Gitlab CI scan integration
Speed up implementation for applications hosted in Gitlab. This extension is a CI Yaml template for Gitlab’s CI integration to run CAST Highlight scans on your Gitlab-hosted repositories. Yaml sample file and instructions are included in the download.
COBOL support for Green Insights
Get enhanced insights for COBOL applications with new support for Green Impact and CO2 Emission Estimates.
Microsoft Power BI Template
Create custom dashboards with ease using the new Microsoft Power BI template. This template integrates CAST Highlight insights into custom Power BI dashboards. It enables users to create executive-level and organizational application portfolio overview dashboards.

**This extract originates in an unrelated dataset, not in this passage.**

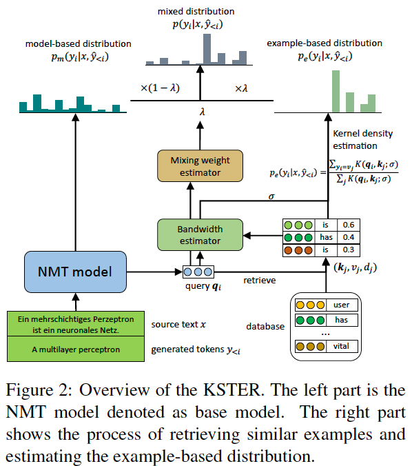 这篇工作主要针对该问题[3],提出了一种动态结合样本检索和神经机器翻译的方法 KSTER (Kernel-Smoothed Translation with Example Retrieval),使得翻译系统在检索到相似样本的情况下能够提升翻译效果,在检索不到相似样本时,也能保持原有的翻译质量,同时保持在线更新的能力。
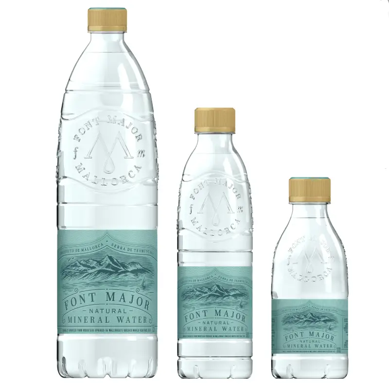 Font Major Naturell PET Flaschen aus Mallorca – natürliches Wasser in 0.33L, 0.5L, 1.5L PET Flaschen. Erfrischend, leicht prickelnd, perfekt für Alltag und Vorrat.

Github Security Advisories support
Increase OSS and 3rd party security risk reporting coverage with new support for GitHub Security Advisories (GHSA).
Custom dashboard widgets
Tailor your CAST Highlight custom dashboards with new widget options including: CVEs, metric trends, license risk, and more.
Many other feature improvements
The product team also took the opportunity with this new release to introduce many additional enhancements such as: Java/.Net deprecated version detection, improved custom segmentations, trends for Technical Debt, improved Azure service recommendations, and much more.